- [WHAT YOU WILL DO]:
The copy you give must match the lines from the top of the data through the line containing "At its core" exactly, and it must hold no pictures.

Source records
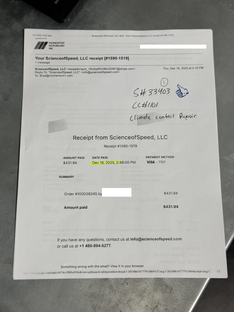 The window sticker shows initial delivery to Gary Force Acura of Nashville, Tennessee, along with factory equipment, colors, and a total vehicle price of $81,725.
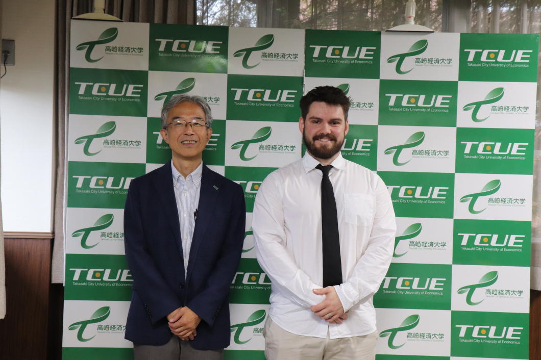 令和7年10月1日(水)、後期から本学で学ぶ交換留学生1名が水口学長を訪問しました。
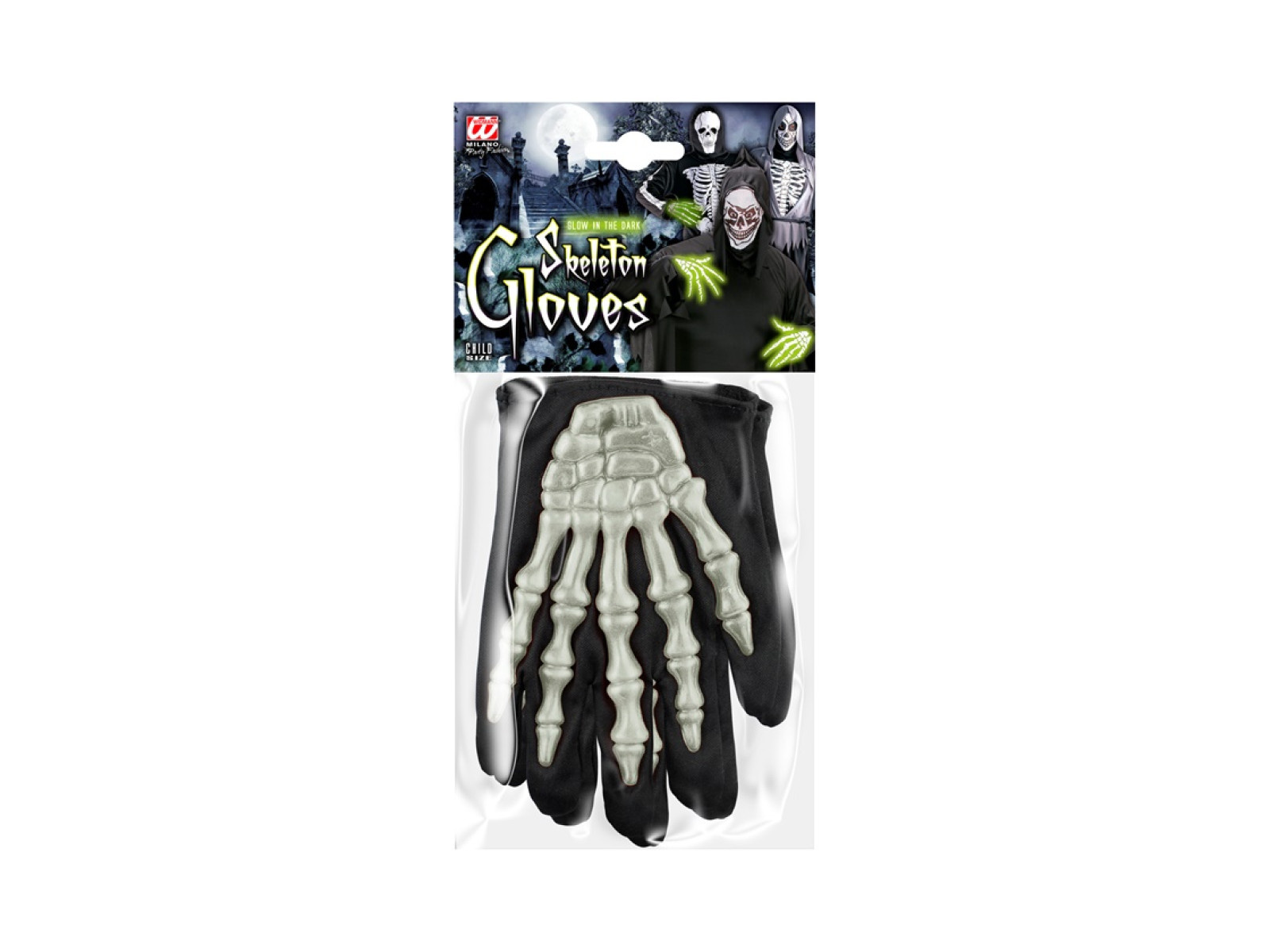 Świecące w ciemności 3D rękawiczki kościotrupa - dla dzieci
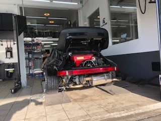 At its core it is a S-spec 3.3L turbocharged flat-six, upgraded with RSR-style cylinder heads, Dbilas Dynamic performance cams, a revised K-Jetronic fuel injection system, and a BorgWarner K27 turbocharger. Power is fed through a freshly rebuilt four-speed manual transaxle paired with a sports clutch and WEVO short shifter. Supporting mods include Bilstein suspension, RSR-style Maxilite alloys, and an aluminum rear bumper.
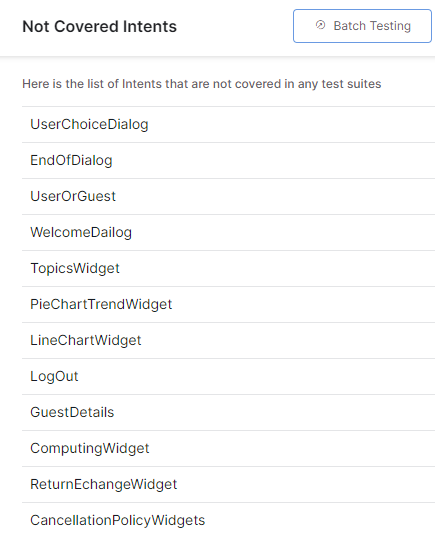 This feature helps identify the intents not covered so as to include them in the test data for better and holistic testing of the assistant. Click the three-dot menu on the right side of the panel to view the list of intents not covered in batch testing.
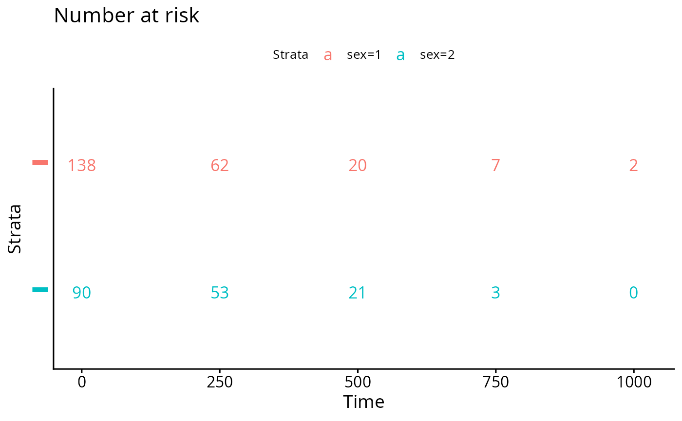 tables <- ggsurvtable(fit, data = lung, color = "strata",
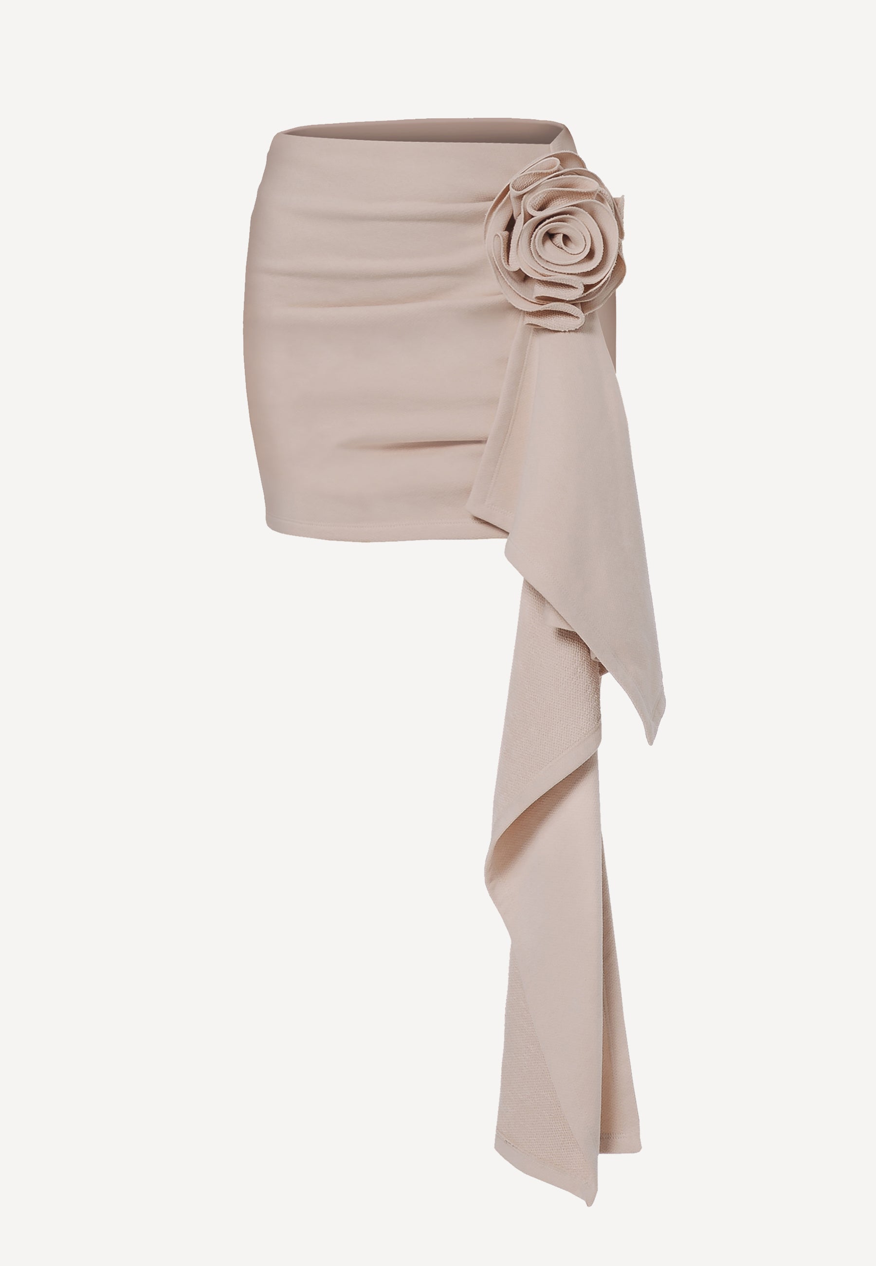 The Wilson skirt is crafted from plush knit fabric featuring a draped side. Adorned with a hand-rolled appliqué in the form of a flower with a trailing train.

- [YOUR SOLUTION]:
 The window sticker shows initial delivery to Gary Force Acura of Nashville, Tennessee, along with factory equipment, colors, and a total vehicle price of $81,725.
 令和7年10月1日(水)、後期から本学で学ぶ交換留学生1名が水口学長を訪問しました。
 Świecące w ciemności 3D rękawiczki kościotrupa - dla dzieci
 At its core it is a S-spec 3.3L turbocharged flat-six, upgraded with RSR-style cylinder heads, Dbilas Dynamic performance cams, a revised K-Jetronic fuel injection system, and a BorgWarner K27 turbocharger. Power is fed through a freshly rebuilt four-speed manual transaxle paired with a sports clutch and WEVO short shifter. Supporting mods include Bilstein suspension, RSR-style Maxilite alloys, and an aluminum rear bumper.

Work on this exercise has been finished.